Background Information & Location – at a glance

Andhra Pradesh is one of the biggest in the geographical features, culture and language of the people. Being the 5th Biggest State, it is divided in to 3 regions according to Coastal Andhara, Telangana and Rayalseema.

The Diocese of Kurnool was founded in 1967. It consists of two big civil districts. The origin of Christianity in this area goes back to 1770. But till the arrival of Franciscan Missionaries, Mill Hill foreign mission of Paris(MEP) had done the work of evangelization of people which was confined to a handful of villages., neither the clergy nor the faithful from the communities were keen on taking the Gospel to the other, but were satisfied with taking care of these existing communities.
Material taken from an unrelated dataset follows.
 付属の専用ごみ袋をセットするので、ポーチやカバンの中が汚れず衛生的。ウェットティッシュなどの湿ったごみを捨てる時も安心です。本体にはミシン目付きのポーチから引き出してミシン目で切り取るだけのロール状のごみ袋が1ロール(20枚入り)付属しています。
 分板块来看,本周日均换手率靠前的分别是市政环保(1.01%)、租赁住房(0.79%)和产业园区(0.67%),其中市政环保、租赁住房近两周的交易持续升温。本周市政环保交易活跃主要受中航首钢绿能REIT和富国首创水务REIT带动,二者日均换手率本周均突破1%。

With the arrival of OFM, MHM, and MEP in the diocese from 1940, the spreads of the Gospel gained momentum and about 220 new communities have been added to the Church of Kurnool as on date. Among those who embrace catholic faith in this period of Evangelization are from poor Dalit and backward communities. These communities are socially, economically, educationally backward and politically powerless people. Most of them live in below the poverty line and hence they are underdeveloped in many ways.

The Diocese in which we are situated is the largest in area and in population. The geographical area is estimated to 17658 kilometers. Out of 1104 Mandals of the state, 54 Mandals are in Kurnool District.
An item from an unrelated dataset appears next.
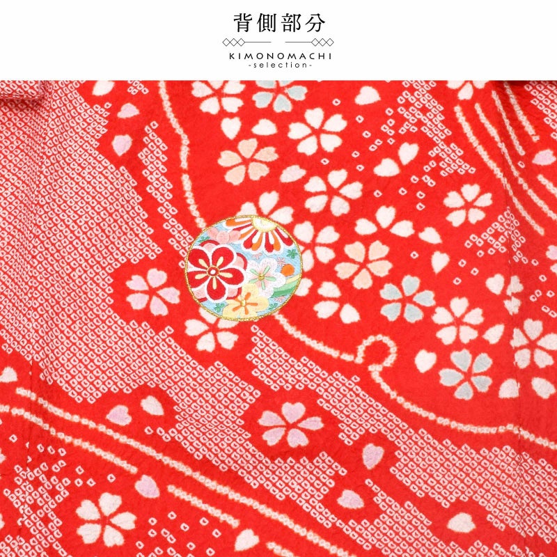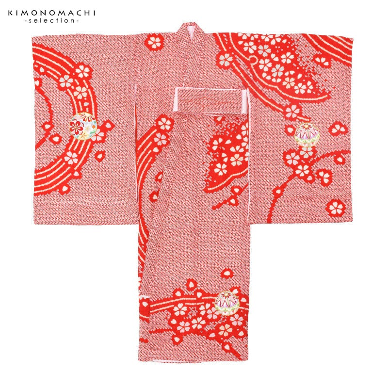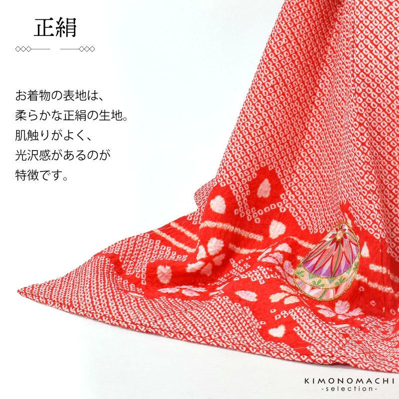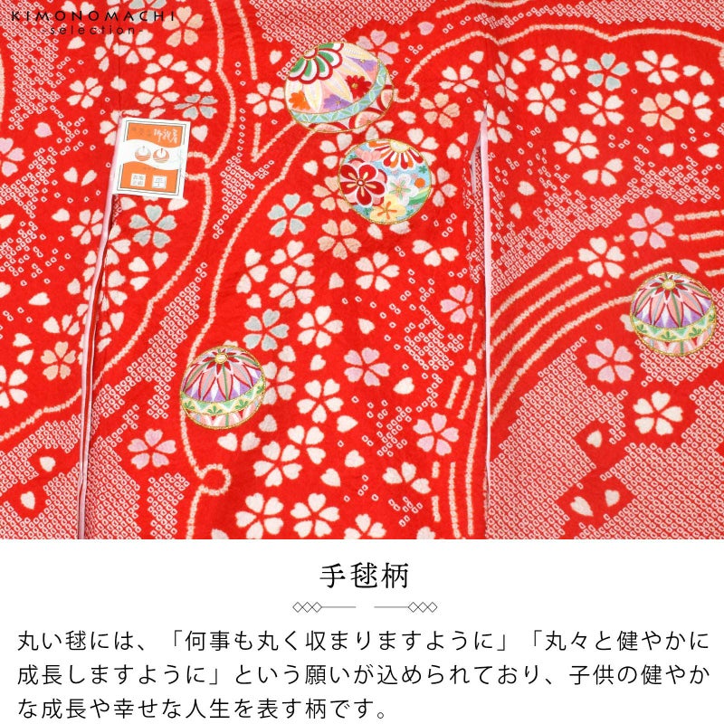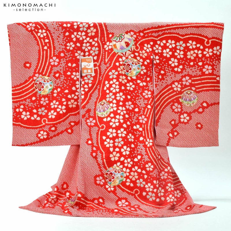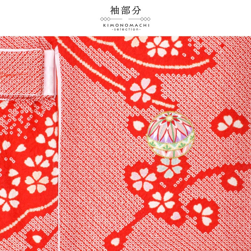 赤の疋田の地。背には、雪輪の弧を大きく切り取った雪芝文様に、淡いピンクや水色の挿し色の桜花。その上に、赤や白、水色、藤井色、薄黄色などの刺繍の手鞠が散らされています。絞りのやわらかな趣とつややかな刺繍が上品でかわいらしい印象。襦袢は薄ピンクの鶴に亀甲の地紋。振りは赤の鶴に亀甲の地紋。

Kosigi mandal is Located 120 KM away from Kurnool. Each Mandal has 22-25 villages respectively.This area is highly drought hit prone, economically and educationally most backward. Because of the drought, people migrate to near by cities and towns for their lively-hood.

Kosigi is very arid, chronically drought affected and backward rural area. More than 95 percentage of the population is small or marginal farmers and agricultural related coolie workers. The cultivation is mainly rain-fed and there is either excessive or scarcity of rain and the result is always crop failure. In addition to the crop loss, 7 to 8 months of every year they do not get any employment. Therefore they have to migrate to cities in search of livelihood. Seasonal migration has become an established life style for a good number of villagers. When they go in search of work, the migration takes place along with the whole family.

Kosigi is an interior area and the nearest city and the district headquarters is Kurnool which is 125 kms away. Kurnool district along with three districts (Cudappah, Chittoor and Ananthapur), called Rayalaseema, is an area of cheap quality stones and dry weather.

History of the School

Mount Carmel School was established in 2001, June 12. It is run by Carmelite fathers (O. Carm.).

The school is located 1 km away from Kosigi Village in Kurnool District. It was started with an objective to uplift the social, cultural and educational needs of the people.